The commands [`tarball`][] and [`zip`][] produce compressed archives of a
specific checkin. They may be further restricted by options that
specify glob patterns that name files to include or exclude rather
than archiving the entire checkin.

The commands [`http`][], [`cgi`][], [`server`][], and [`ui`][] that
implement or support with web servers provide a mechanism to name some
files to serve with static content where a list of glob patterns
specifies what content may be served.

[`add`]: /help?cmd=add
[`addremove`]: /help?cmd=addremove
[`changes`]: /help?cmd=changes
[`clean`]: /help?cmd=clean
[`extras`]: /help?cmd=extras
[`merge`]: /help?cmd=merge
[`settings`]: /help?cmd=settings
[`status`]: /help?cmd=status
[`unset`]: /help?cmd=unset

[`tarball`]: /help?cmd=tarball
[`zip`]: /help?cmd=zip

[`http`]: /help?cmd=http
[`cgi`]: /help?cmd=cgi
[`server`]: /help?cmd=server
[`ui`]: /help?cmd=ui


### Web Pages that Refer to Globs

The [`/timeline`][] page supports the query parameter `chng=GLOBLIST` that
names a list of glob patterns defining which files to focus the
timeline on. It also has the query parameters `t=TAG` and `r=TAG` that
names a tag to focus on, which can be configured with `ms=STYLE` to
use a glob pattern to match tag names instead of the default exact
match or a couple of other comparison styles.

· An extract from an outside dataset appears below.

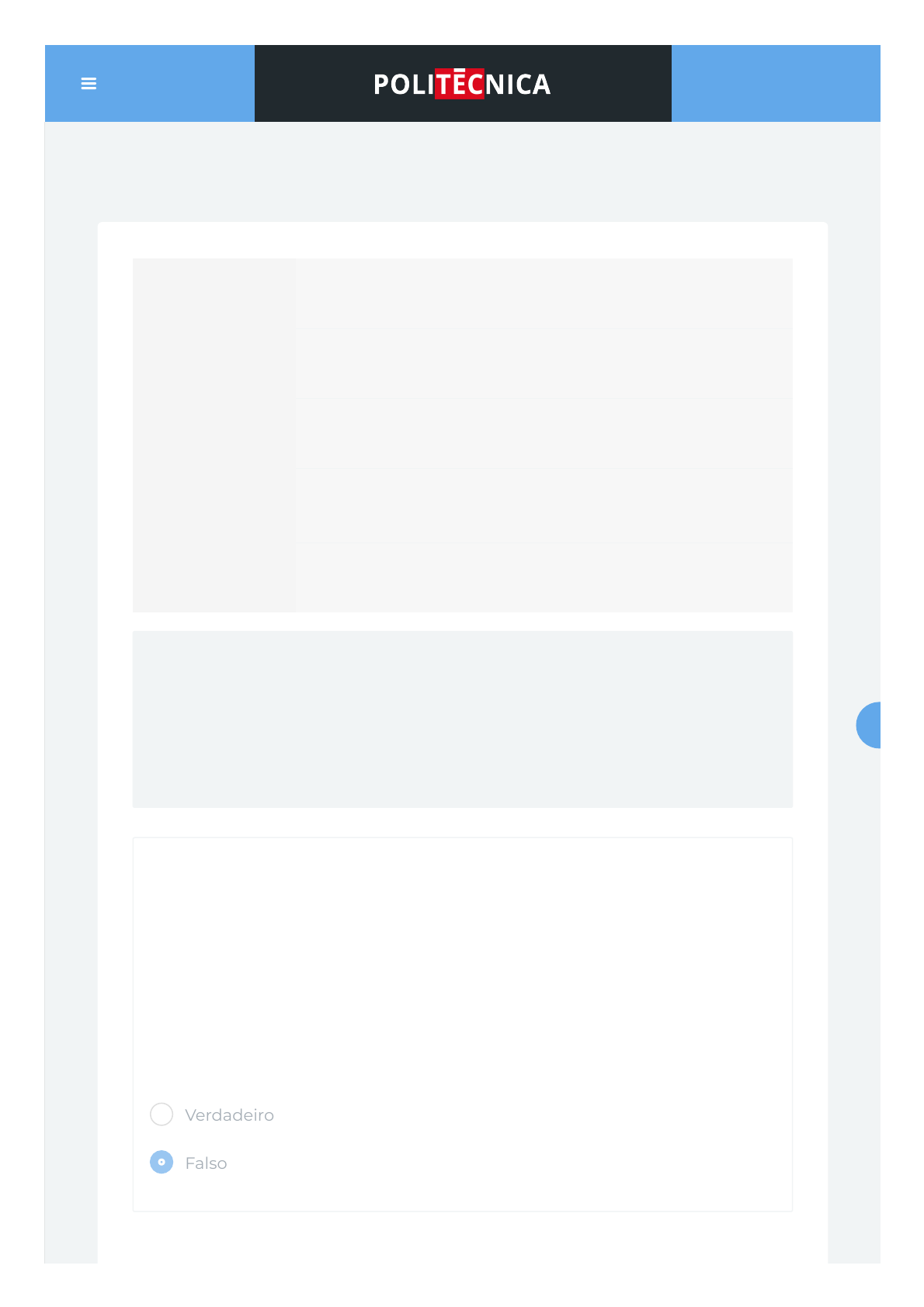29/09/2021 08:31 Avaliação Presencial - 15A165 https://ava.politecnicabr.com.br/mod/quiz/review.php?attempt=2094747 1/7 Painel / Cursos / 15A165 / Avaliação Presencial / Avaliação Presencial - 15A165 Plano de Negócio Iniciado em quarta, 29 Set 2021, 07:55 Estado Finalizada Concluída em quarta, 29 Set 2021, 08:16 Tempo empregado 21 minutos 10 segundos Avaliar 10,00 de um máximo de 10,00(100%) Questão 1 Completo Atingiu 1,00 de 1,00 Na opinião dos especialistas, as maiores di�culdades para empreender no Brasil estão ligadas aos seguintes aspectos: suporte �nanceiro, políticas empresariais e educação e treinamento. Quanto ao suporte �nanceiro, as principais di�culdades estão no acesso a crédito, pela burocracia, exigência de garantias reais e pelo alto custo do dinheiro. Escolha uma opção: Verdadeiro Falso https://ava.politecnicabr.com.br/my/ https://ava.politecnicabr.com.br/course/index.php https://ava.politecnicabr.com.br/course/view.php?id=924 https://ava.politecnicabr.com.br/course/view.php?id=924#section-12 https://ava.politecnicabr.com.br/mod/quiz/view.php?id=31253 https://ava.politecnicabr.com.br/ 29/09/2021 08:31 Avaliação Presencial - 15A165 https://ava.politecnicabr.com.br/mod/quiz/review.php?attempt=2094747 2/7 Questão 2 Completo Atingiu 1,00 de 1,00 O planejamento contínuo é uma necessidade para todos os negócios. Ele permite que você permaneça competitivo. Um processo detalhado de planejamento força-o a analisar de perto a dinâmica da atual situação do mercado e não contar com velhas premissas. Escolha uma opção: Questão 3 Completo Atingiu 1,00 de 1,00 Uma das primeiras coisas a fazer é identi�car o cliente. Desta forma pessoas jurídicas tendem a considerar principalmente os fatores objetivos (custo-benefício). Escolha uma opção: Verdadeiro Falso Verdadeiro Falso https://ava.politecnicabr.com.br/ 29/09/2021 08:31 Avaliação Presencial - 15A165 https://ava.politecnicabr.com.br/mod/quiz/review.php?attempt=2094747 3/7 Questão 4 Completo Atingiu 1,00 de 1,00 Serviços são atividades econômicas que criam valor e fornecem benefícios para clientes em tempos e lugares especí�cos, como decorrência da realização de uma mudança desejada no destinatário do serviço. Escolha uma opção: Questão 5 Completo Atingiu 1,00 de 1,00 O primeiro passo para estabelecer vantagens competitivas é concentrar-se nas necessidades dos clientes. Escolha uma opção: Verdadeiro Falso Verdadeiro Falso https://ava.politecnicabr.com.br/ 29/09/2021 08:31 Avaliação Presencial - 15A165 https://ava.politecnicabr.com.br/mod/quiz/review.php?attempt=2094747 4/7 Questão 6 Completo Atingiu 1,00 de 1,00 No ambiente competitivo em que estamos, qualquer elemento que possamos utilizar para aumentar nossa chance de sucesso não pode ser desprezado, por isso devemos preparar um plano de negócio. Escolha uma opção: Questão 7 Completo Atingiu 1,00 de 1,00 O plano de negócio é elaborado apenas para uso exclusivo do empreendedor. Escolha uma opção: Verdadeiro Falso Verdadeiro Falso https://ava.politecnicabr.com.br/ 29/09/2021 08:31 Avaliação Presencial - 15A165 https://ava.politecnicabr.com.br/mod/quiz/review.php?attempt=2094747 5/7 Questão 8 Completo Atingiu 1,00 de 1,00 As informações já disponíveis sobre o mercado chamam-se dados secundários. Um bom exemplo são os anuários estatísticos do governo. Escolha uma opção: Questão 9 Completo Atingiu 1,00 de 1,00 Quando a empresa já estiver estabelecida, você poderá projetar suas vendas futuras baseado no seu histórico, mas cuidado para não reproduzir os dados simplesmente. Escolha uma opção: Verdadeiro Falso Verdadeiro Falso https://ava.politecnicabr.com.br/ 29/09/2021 08:31 Avaliação Presencial - 15A165 https://ava.politecnicabr.com.br/mod/quiz/review.php?attempt=2094747 6/7 © 2020 - Escola Politécnica Brasileira Questão 10 Completo Atingiu 1,00 de 1,00 Os sistemas de prestação de serviços precisam ser avaliados segundo três pontos: Operações de serviços, entrega de serviços e marketing de serviços. Escolha uma opção: Verdadeiro Falso Entre em Contato https://www.politecnicabr.com.br 0800 084 2627 indisponível devido a pandemia de COVID-19, use outro canal! 0800 084 2627 comercial@politecnicabr.com.br Links Úteis Dicas da nossa Diretora Acadêmica Planner de Estudos Declaração de Matrícula Orientações do AVA Abertura de Ticket Fale com o Tutor Cronograma de Estudos Manual de Estágio Manual de Competência Siga-nos nas redes sociais https://ava.politecnicabr.com.br/mod/quiz/0 https://www.politecnicabr.com.br/ mailto:comercial@politecnicabr.com.br https://soundcloud.com/user-501638417/sets/escola-politecnica-brasileira https://storage.googleapis.com/sirius-pubstore/semestre_plannerdeestudo%20poli.pdf https://storage.googleapis.com/sirius-pubstore/declaracao_matricula.pdf https://storage.googleapis.com/sirius-pubstore/orientacoes_ava.pdf https://storage.googleapis.com/sirius-pubstore/abertura_ticket.pdf https://storage.googleapis.com/sirius-pubstore/fale_com_tutor.pdf https://storage.googleapis.com/sirius-pubstore/cronograma_estudos.pdf https://storage.googleapis.com/sirius-pubstore/manual_estagio.pdf https://storage.googleapis.com/sirius-pubstore/manual_competencia.pdf https://www.facebook.com/politecnicabr https://www.instagram.com/politecnicabr_oficial https://ava.politecnicabr.com.br/ 29/09/2021 08:31 Avaliação Presencial - 15A165 https://ava.politecnicabr.com.br/mod/quiz/review.php?attempt=2094747 7/7

The pages [`/tarball`][] and [`/zip`][] generate compressed archives
of a specific checkin. They may be further restricted by query
parameters that specify glob patterns that name files to include or
exclude rather than taking the entire checkin.

[`/timeline`]: /help?cmd=/timeline
[`/tarball`]: /help?cmd=/tarball
[`/zip`]: /help?cmd=/zip


## Platform quirks

The versioned settings files have no platform-specific quirks. Any
GLOBs that matter to your workflow belong there where they can be
safely edited.

Similarly, settings made through the Web UI are platform independent.

GLOBs at the command prompt, however, may need to be protected from
the quirks of the particular shell program you use to type the
command.

The GLOB language is based on common features of Unix (and Linux)
shells. In some cases, this will cause confusion if the shell expands
the GLOB in a way that is similar to what fossil would have done.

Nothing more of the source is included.